How Facebook and Google rewarded users for giving away their privacy

How much is your personal data worth?

This week in Silicon Valley, Apple showed Google and Facebook who’s boss.

It began after TechCrunch found Facebook violating Apple’s rules by misusing its enterprise certificates through an app called “Facebook Research”. Soon after Apple found out about this, Google revealed that it had been misusing its certificates through its “Screenwise Meter” app.

Here’s what actually happened:

Through the “Facebook Research” app, the social media giant had paying teens to allow access to almost everything on their phones – including their texts, browsing history, emails, photos and videos. The users were rewarded with as much as $20 a month for running the app and each friend they referred would earn them another $20. The app required users to install a VPN which allowed root access to network traffic on their phones, giving Facebook access to their personal data.

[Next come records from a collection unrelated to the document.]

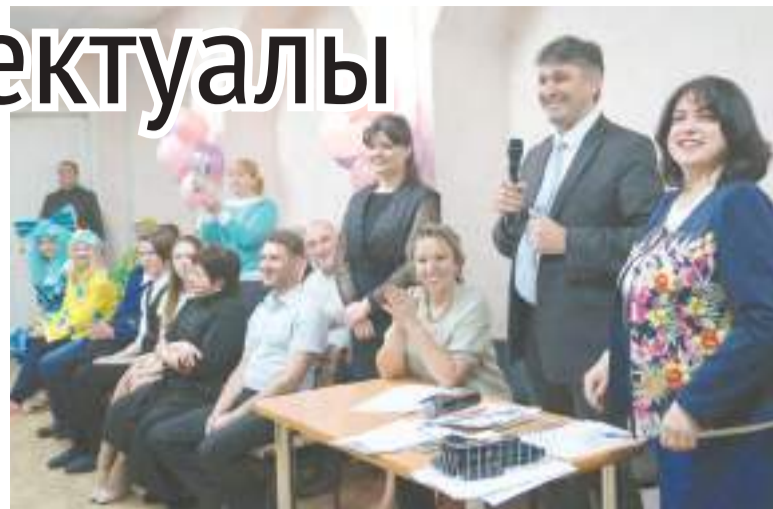
Нестрогое, но справедливое жюри брейн-ринга.

Сама игра состояла из пяти раундов, затрагивающих различные грани сценического искусства. Участники блеснули знаниями интересных фактов о театре, поговорили о русском и зарубежном творчестве, отгадывали имена актеров, названия спектаклей, эмблемы и внешний облик театральных зданий. Соревнующиеся команды и сами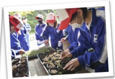
地域の魅力アップのため住民と一緒にハーブの種まきを行う有年中学校生(赤穂市)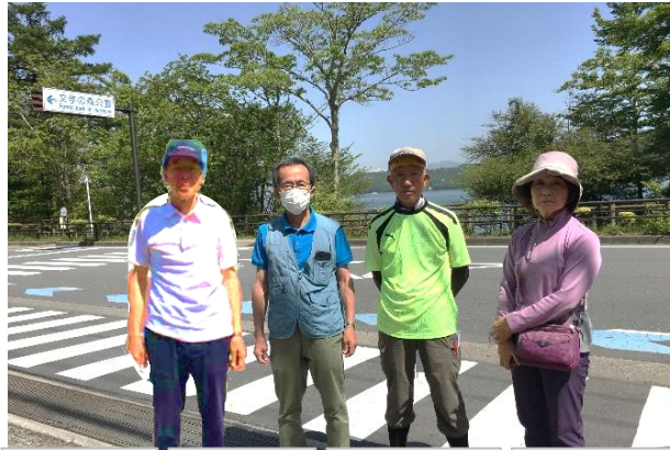
かなざわ高橋 あつぎ大田 かわさき佐藤 みどり羽田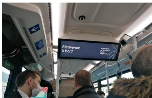
Écran d'information 37 pouces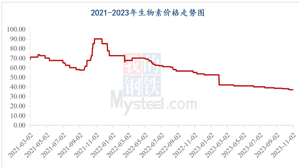
图 12 2021-2023 年生物素价格走势图

本周国内 2%生物素市场价格在 36-38 元/kg，市场询单一般，交投价格平稳偏弱，部分价格略低，欧洲 2%生物素报价 3.90-4.10 欧元/kg。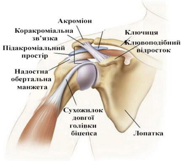
Рис. 1.1. Будова плечового суглобу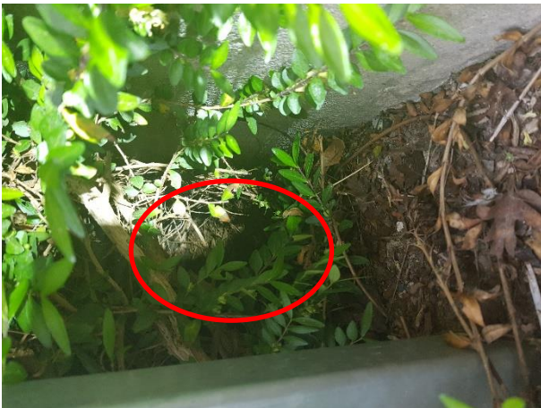
Rotteløbegang i buskadset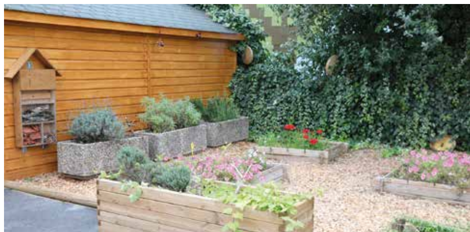
Création d'un espace jardin et détente dans la cour de récréation de l'école maternelle Jules-Lenormand.

Chaque année, et notamment durant la période estivale, de nombreux travaux sont réalisés par la Ville dans les écoles, contribuant à l'amélioration du cadre de vie des enfants.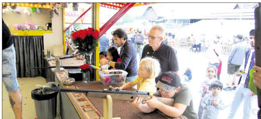
Am Schiessstand war Treffsicherheit gefragt.

laufe des Nachmittags zünftig nass werden. Die organisierende Ortsmusik Rüediswil liess sich aber nicht überraschen und passte den Kilbibetrieb der gegebenen Situation an. Das Lebkuchendreihen wurde kurzerhand ins Festzelt verlegt, und in kurzer Zeit waren die schönen Preise an die glücklichen Gewinnerinnen und Gewinner verteilt. Das Karussell drehte zur Freude der Kinder seine Runden, beim Schiessstand versuchten kleine und grosse Schützen in die Mitte zu treffen und beim verdeckten Fischen angelten sich Kinder schöne Preise.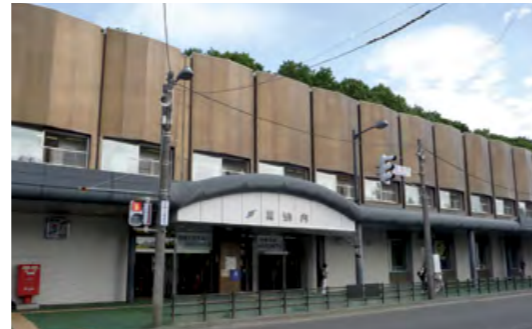
地下鉄真駒内駅(南北線 真駒内方面終点)

真駒内滝野霊園の最寄駅は、地下鉄南北線『真駒内駅』です。真駒内駅までは、地下鉄以外でも『大谷地駅』や『福住駅』から路線バスが運行しています。真駒内駅からは『墓参バス』や路線バス『真108便』に乗換え、約20～23分で真駒内滝野霊園に到着します。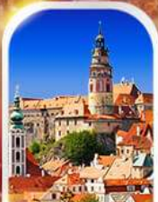
CESKY KRUMLOV CZECH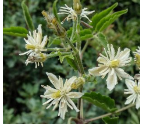
מימין - זלזלת היערות בסטאף, הרי ירושלים, 1.8.2018. שתי תמונות משמאל - תפרחת זלזלת היערות לעומת תפרחת ז.מנוצה, (ז.היערות צולמה בסטאף, ז.מנוצה צולמה ביערה). להבדלה - לחצו על התמונות

בחינה מדוקדקת יותר של הפרטים מהסטאף הראתה הבדלים מהותיים נוספים המבדילים אותה מזלזלת מנוצה. הכותרת קטנה יותר ושעירה משני צדדיה (ולכן חסר הלובן המבריק), המאבקים קצרים (בהשוואה לזלזלת מנוצה שלה מאבקים מאורכים), וכן הענפים הצעירים הירוקים היו שעירים. גם צורת העלים הייתה שונה. בעוד שלזלזלת מנוצה עלה מנוצה פעמיים בעל עלעלים קרחים חלקים, הרי שבזלזלת של הסטאף העלה מנוצה רק פעם אחת והעלים לרוב רחבים ומשוננים.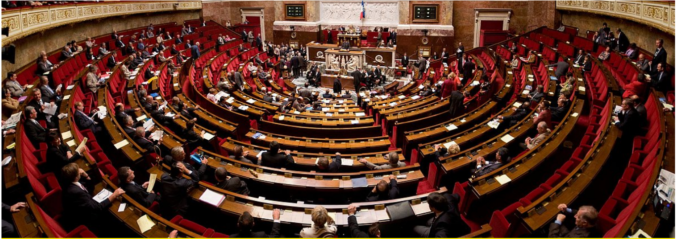
Panorama des Plenarsaals der Nationalversammlung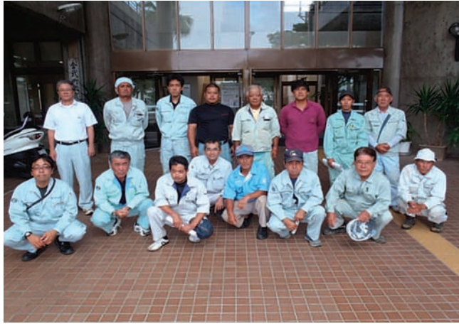
▲ ボランティアに参加した水道事業者の皆さん

町役場および町社会福祉協議会の協力のもと、町内に一人で暮らすお年寄り9世帯に出向き、水道施設の点検・補修を無料で行ったこの活動には、次の水道事業者が参加しました。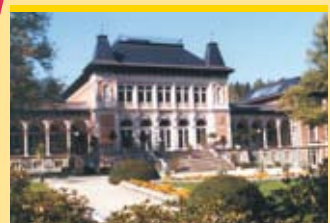
Nürnberg (165 km) Albrecht-Dürer-Haus, Kaiserburg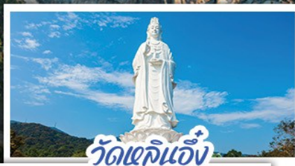
วัดเขลิแอง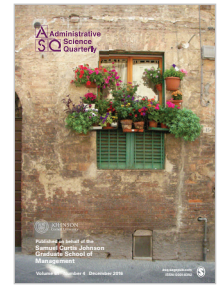
Administrative Science Quarterly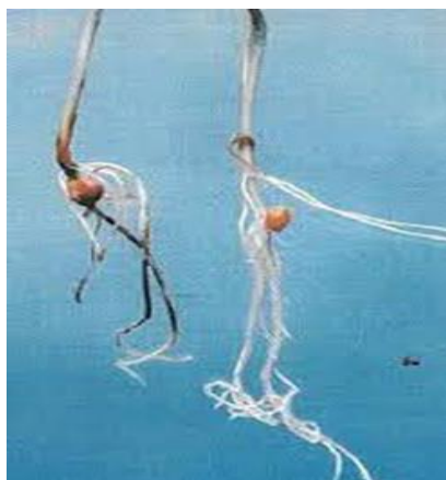
Slika 2. Trulež klijanaca kukuruza u uvjetima umjetne zaraze zrna gljivom Fusarium proliferatum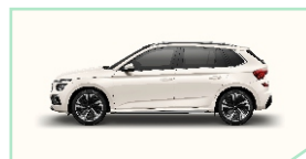
Candy White - 200 €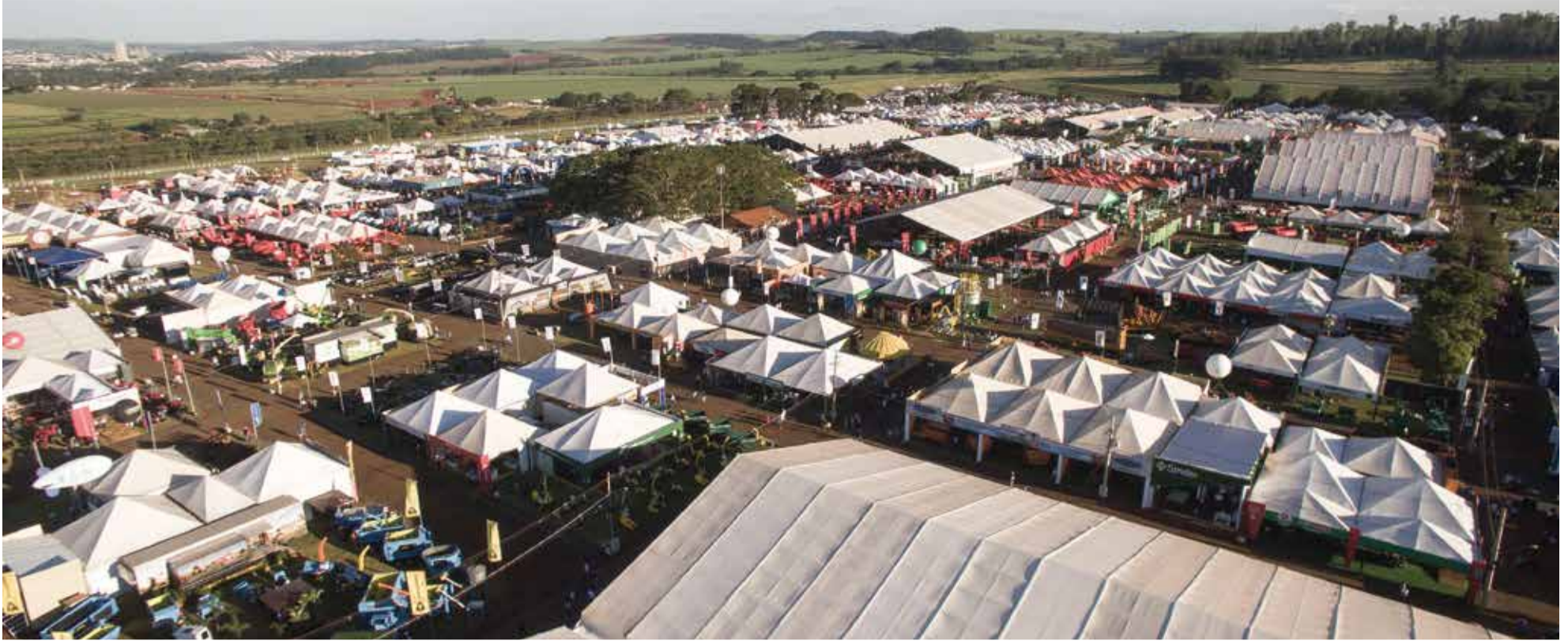
Agrishow: edição apresentará novidades tecnológicas para desenvolvimento do agronegócio nacional

Similarly, Google had been rewarding users with gift cards for downloading its “Screenwise Meter” app and letting it access their personal activity on phones. But Google reportedly had lesser access to data than Facebook.

Although this isn’t illegal as users consented to the installation of the app, it isn’t clear if the users knew exactly what kind of personal data they were handing over.

Enterprise certificates, issued by Apple, can only be used by companies to run apps internally among employees on Apple devices such as iPhones.

Apparently, both the tech giants had made their respective apps for the public, instead of their employees. Apple took this seriously and revoked the companies’ certificates, but restored them back the next day.

Facebook and Google’s internal employee-only apps were affected during the revocation period and the two apps are presumably out of Apple’s App Store.

Surprised? Don’t be.

Facebook and Google already have enough of your data, but is it worth just $20?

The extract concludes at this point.